DATA EXCERPTS below:

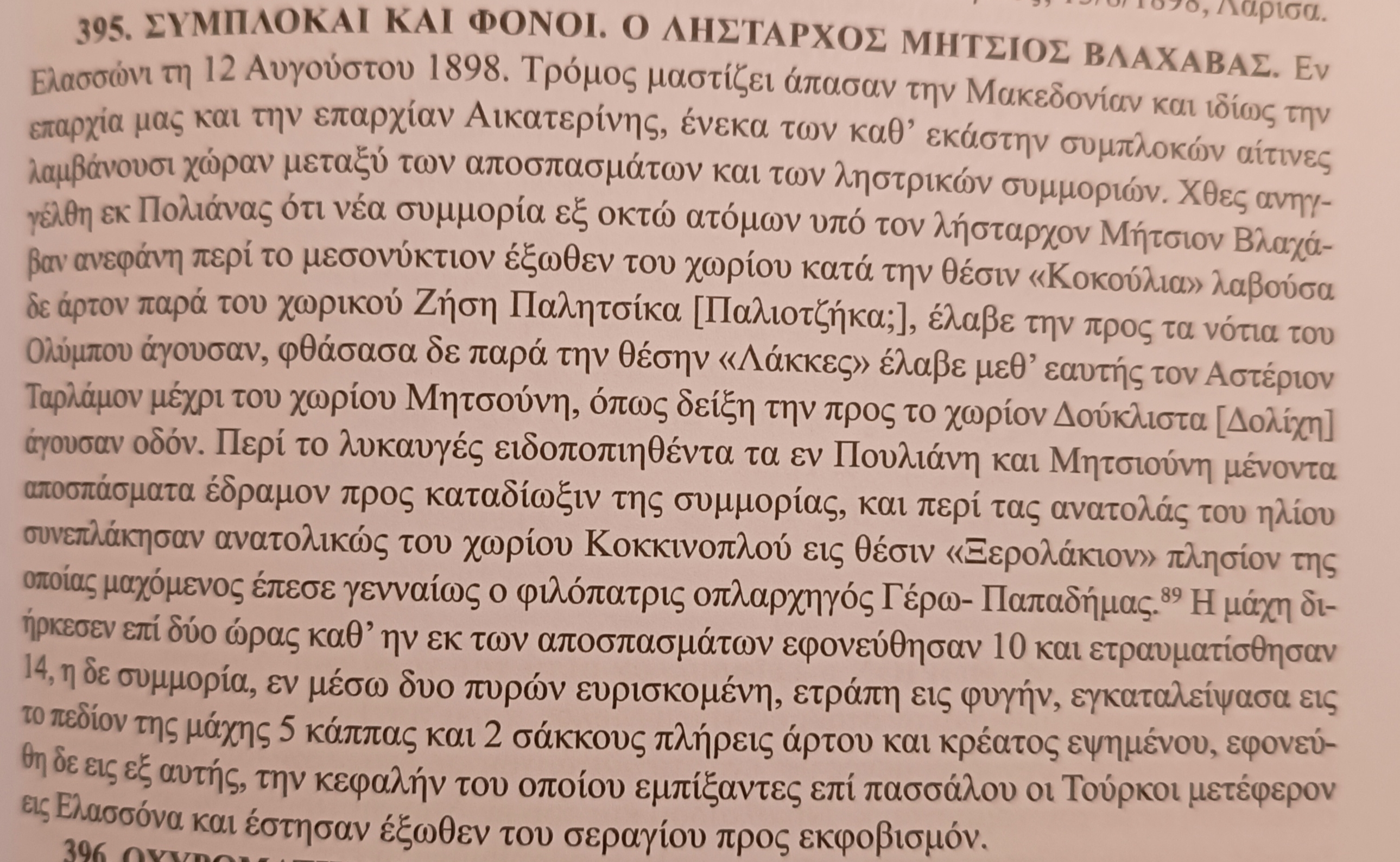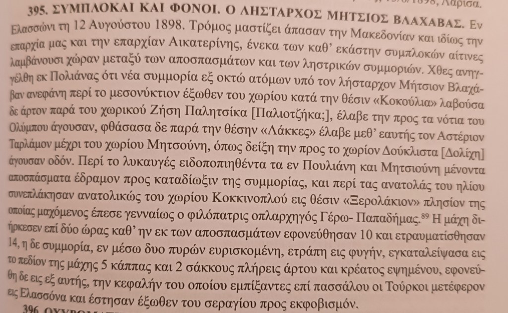 Πηγή: Εφημερίδα Όλυμπος (Λάρισα 23.8.1898). Βλ. Βασίλης Πλάτανος, Σελίδες από την ιστορία της Ελασσόνας και της περιοχής της (Συλλογή Ειδήσεων 1811-1912), Θεσσαλονίκη 2019, α/α είδησης: 395.
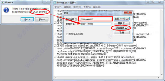 5、安装完成后,运行PumpLinx4桌面快捷方式,弹出许可窗口不要关闭,打开安装包“Crack”目录,运行“license.txt”,点击编辑》替换(快捷方式Ctrl+H),在查找内容中输入“0000-000000”替换为许可错误中的机器码,然后记得保存退出
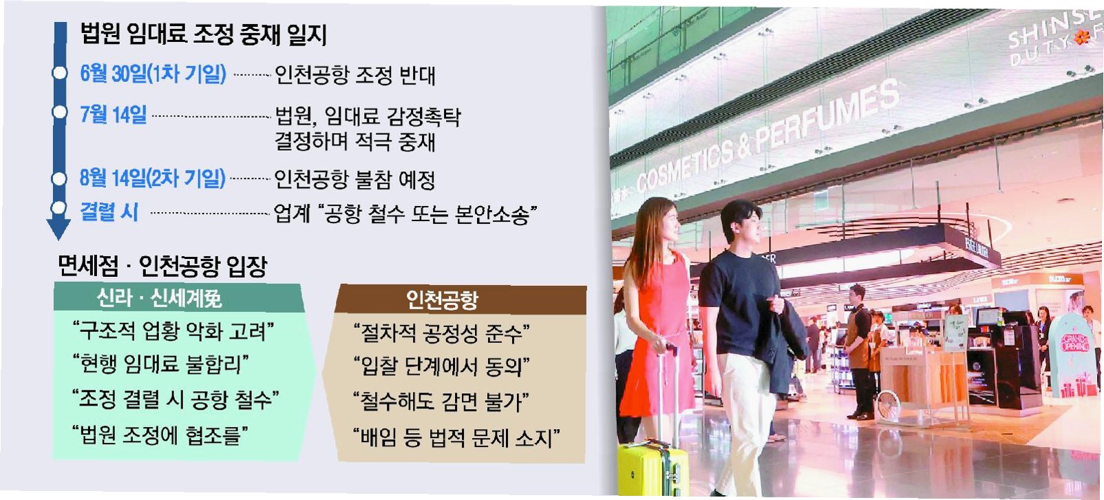 면세업계 관계자는 “온라인 면세점을 이용하는 사람이 늘면서 면세점을 둘러보기 위해 이른 시간대에 입국 수속을 밟던 문화도 많이 사라졌다”면서 “사업자들의 시장 정상화를 위한 자체 노력과 함께 동반자인 인천공항 지원도 필요하다”고 강조했다. 임대료 감면을 요구하는 면세점과 이를 거부하는 인천공항공사 간의 갈등은 해결해야 할 과제다.
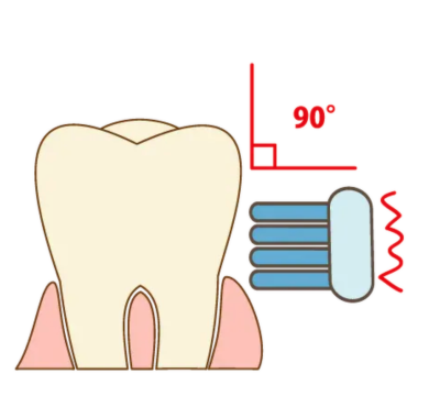 歯ブラシの毛先を歯の面にピッタリと垂直に当てた状態で、細かく小刻みに動かします。大きく動かしすぎると、汚れを溜めこんでしまうので気をつけましょう。
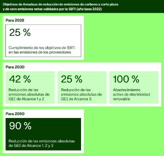Objetivos de Amadeus de reducción de emisiones de carbono a corto plazo y de cero emisiones netas validados por la SBTi (año base 2022)
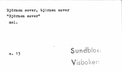 //// Björnen sover, björnen sover "Björnen sover" mel. //// Sundbio c ; //// S . I j //// Visboken ////
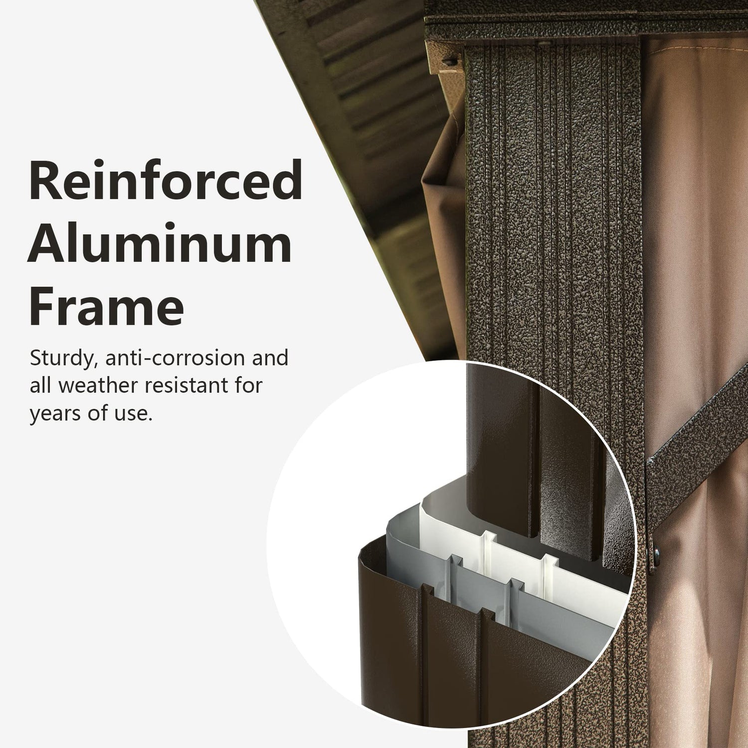 Domi Hardtop Gazebo 10' X 12', Permanent Outdoor Galvanized Steel Roof Gazebo with Aluminum Frame, Pavilion Metal Gazebos with Netting & Curtains for Garden, Patios, Lawns, Parties(Dark Brown)
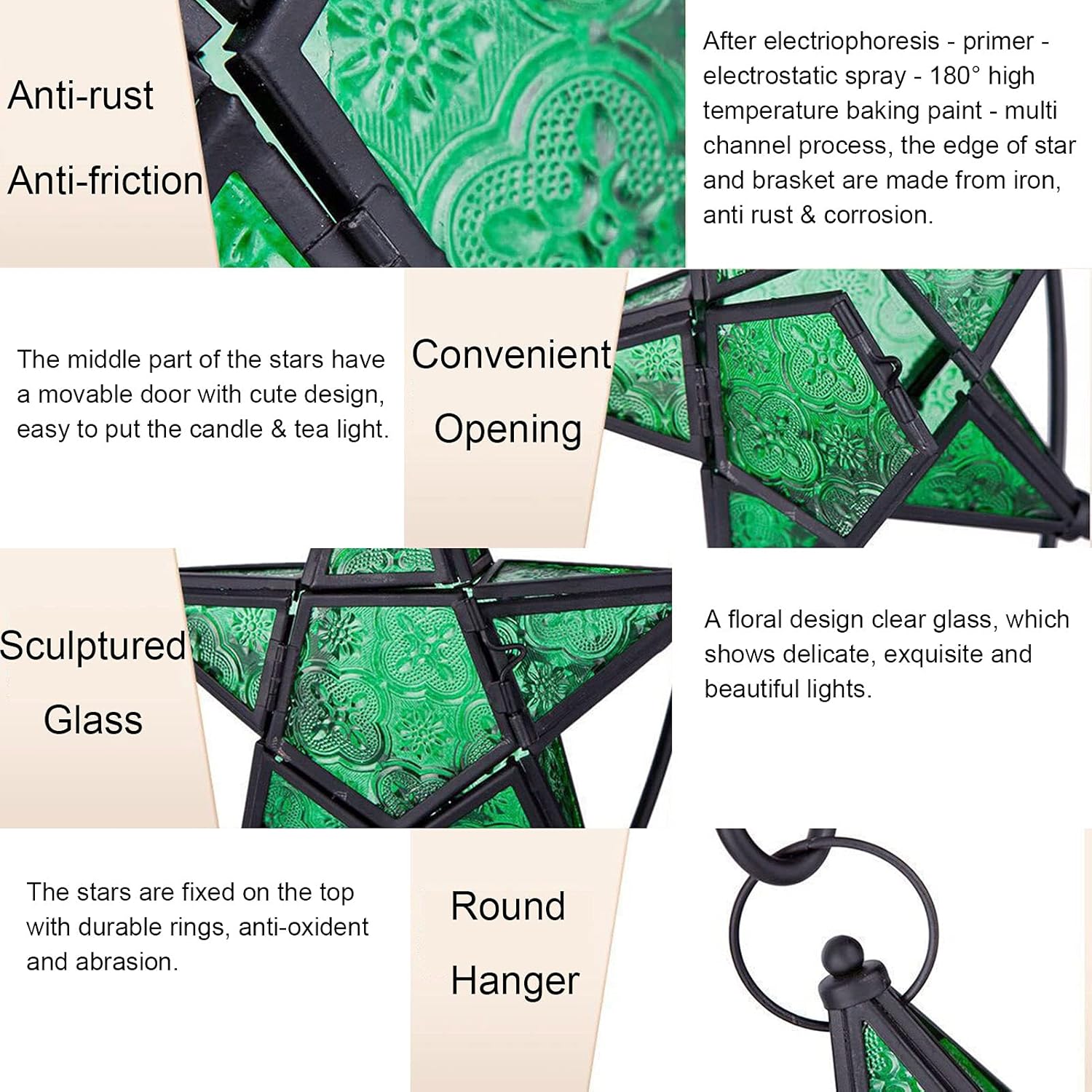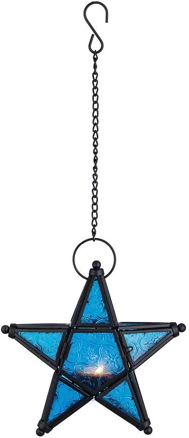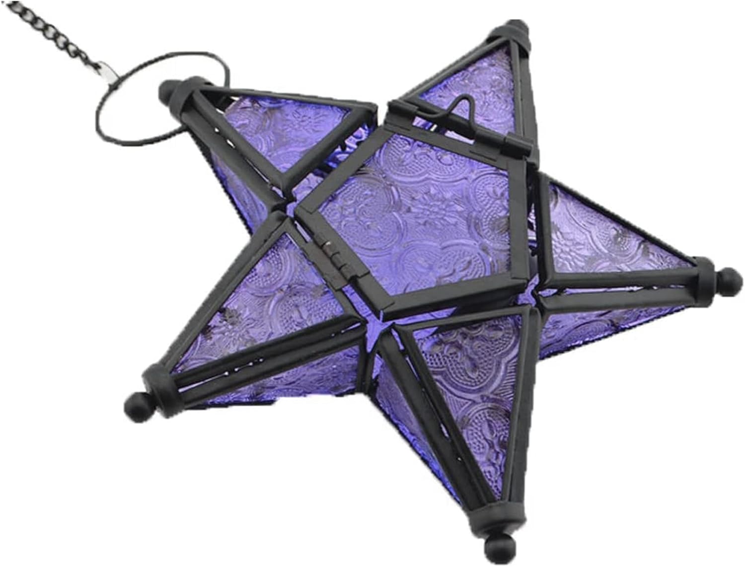 Purple Star Lantern Candle Holder - Decorative Hanging Glass Lantern for Home & Garden

End of DATA EXCERPTS.

WHAT IS BEING ASKED - All pictures are to be dropped, and the records above returned exactly.

TASK RESPONSE -
 Πηγή: Εφημερίδα Όλυμπος (Λάρισα 23.8.1898). Βλ. Βασίλης Πλάτανος, Σελίδες από την ιστορία της Ελασσόνας και της περιοχής της (Συλλογή Ειδήσεων 1811-1912), Θεσσαλονίκη 2019, α/α είδησης: 395.
 5、安装完成后,运行PumpLinx4桌面快捷方式,弹出许可窗口不要关闭,打开安装包“Crack”目录,运行“license.txt”,点击编辑》替换(快捷方式Ctrl+H),在查找内容中输入“0000-000000”替换为许可错误中的机器码,然后记得保存退出
 면세업계 관계자는 “온라인 면세점을 이용하는 사람이 늘면서 면세점을 둘러보기 위해 이른 시간대에 입국 수속을 밟던 문화도 많이 사라졌다”면서 “사업자들의 시장 정상화를 위한 자체 노력과 함께 동반자인 인천공항 지원도 필요하다”고 강조했다. 임대료 감면을 요구하는 면세점과 이를 거부하는 인천공항공사 간의 갈등은 해결해야 할 과제다.
 歯ブラシの毛先を歯の面にピッタリと垂直に当てた状態で、細かく小刻みに動かします。大きく動かしすぎると、汚れを溜めこんでしまうので気をつけましょう。
Objetivos de Amadeus de reducción de emisiones de carbono a corto plazo y de cero emisiones netas validados por la SBTi (año base 2022)
 //// Björnen sover, björnen sover "Björnen sover" mel. //// Sundbio c ; //// S . I j //// Visboken ////
 Domi Hardtop Gazebo 10' X 12', Permanent Outdoor Galvanized Steel Roof Gazebo with Aluminum Frame, Pavilion Metal Gazebos with Netting & Curtains for Garden, Patios, Lawns, Parties(Dark Brown)
 Purple Star Lantern Candle Holder - Decorative Hanging Glass Lantern for Home & Garden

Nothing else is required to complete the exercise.